**Directions**
In the data below, begin at the line with "Tiny painted .5" and stop after the line with "(análisis - síntesis)"; output those lines exactly and no pictures.

**Source information**

►

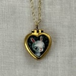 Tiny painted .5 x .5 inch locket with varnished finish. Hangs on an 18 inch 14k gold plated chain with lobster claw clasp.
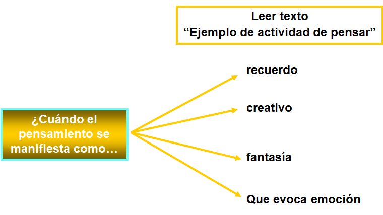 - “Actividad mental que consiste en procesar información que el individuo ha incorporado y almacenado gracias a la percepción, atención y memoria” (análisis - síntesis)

◄
►

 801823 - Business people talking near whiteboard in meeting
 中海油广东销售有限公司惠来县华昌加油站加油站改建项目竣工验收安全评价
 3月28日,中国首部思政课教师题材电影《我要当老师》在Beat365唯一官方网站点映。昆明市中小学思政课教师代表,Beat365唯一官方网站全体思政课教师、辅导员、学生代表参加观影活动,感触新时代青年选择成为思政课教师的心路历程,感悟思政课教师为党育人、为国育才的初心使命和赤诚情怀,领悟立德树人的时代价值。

◄

**Task solution**
 Tiny painted .5 x .5 inch locket with varnished finish. Hangs on an 18 inch 14k gold plated chain with lobster claw clasp.
 - “Actividad mental que consiste en procesar información que el individuo ha incorporado y almacenado gracias a la percepción, atención y memoria” (análisis - síntesis)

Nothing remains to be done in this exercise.